Abstract
Background:
Conflicting data exist around oral contraceptive exposure and subsequent multiple sclerosis (MS).
Objective:
To use routinely collected primary healthcare data to explore the potential association between oral contraceptive exposure and subsequent MS in females at population level.
Methods:
We performed a nested case–control study using electronic primary care data, with complete electronic ascertainment from 1990. Logistic regression was used to evaluate associations between contraceptive exposure and MS, without and with adjusting for age, ethnicity and deprivation.
Results:
A total of 4455 females were included: 891 cases and 3564 controls. No association was seen between oral contraceptive exposure and subsequent MS, or between any contraceptive, combined oral contraceptive pill (COCP) or progesterone-only pill (POP) use 0–2, 2–5 or >5 years prior to MS. Conclusions: In the largest population-based study to date, we find no evidence of an association between oral contraceptive exposure and subsequent MS diagnosis.

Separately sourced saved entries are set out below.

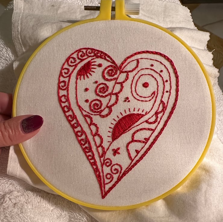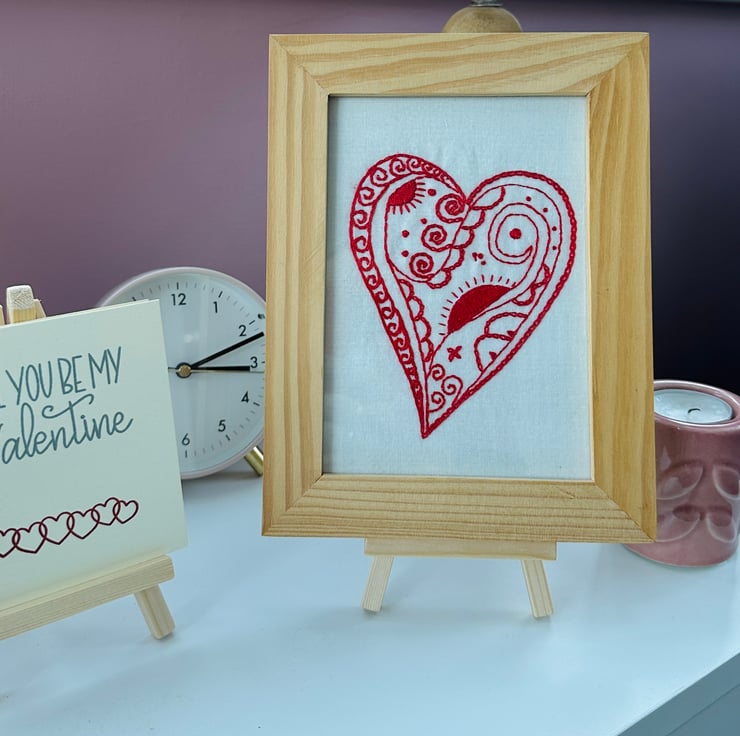 Embroidered heart in a frame, gift of love, birthday ,engagement, anniversary
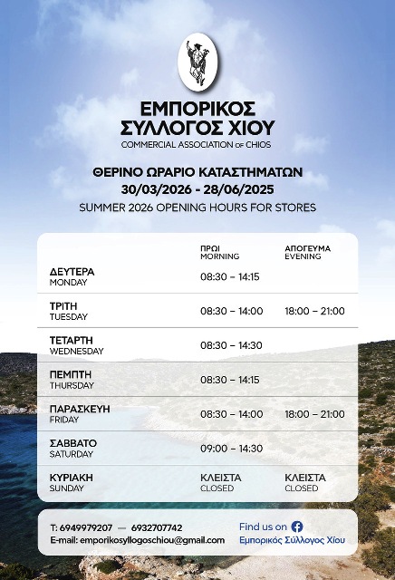 Από τις 5 έως και τις 13 Απριλίου 2026 θα ισχύσει το πασχαλινό ωράριο καταστημάτων στη Χίο, με διευρυμένες ώρες λειτουργίας κατά τη Μεγάλη Εβδομάδα.
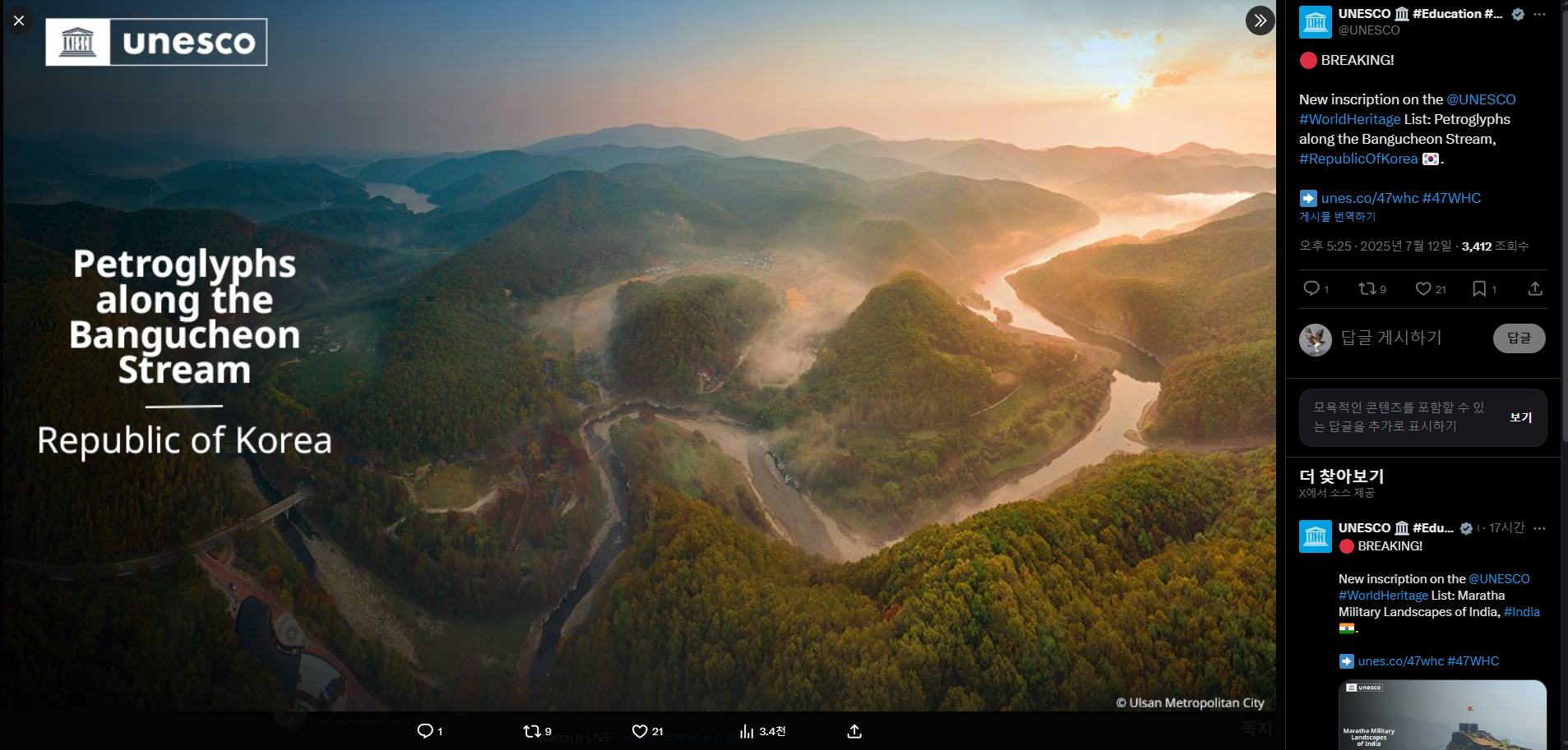 한국이 신청한 반구대변 암각화 유산[영문명 Petroglyphs along the Bangucheon Stream]이 세계유산에 등재되었을 알리는 유네스코 세계유산위원회 WHC X계정이라

Keywords: Epidemiology, multiple sclerosis
Introduction
Multiple sclerosis (MS) is an inflammatory disease of the central nervous system. It is more common in females than males, and symptom onset is most commonly in early to mid-adulthood. 1 Given the sex ratio in both incidence and prevalence, 2 sex differences in clinical manifestations 3 and changes in the natural history of the disease around pregnancy,4,5 the hypothesis that sex hormones play a role in the development of MS is well established.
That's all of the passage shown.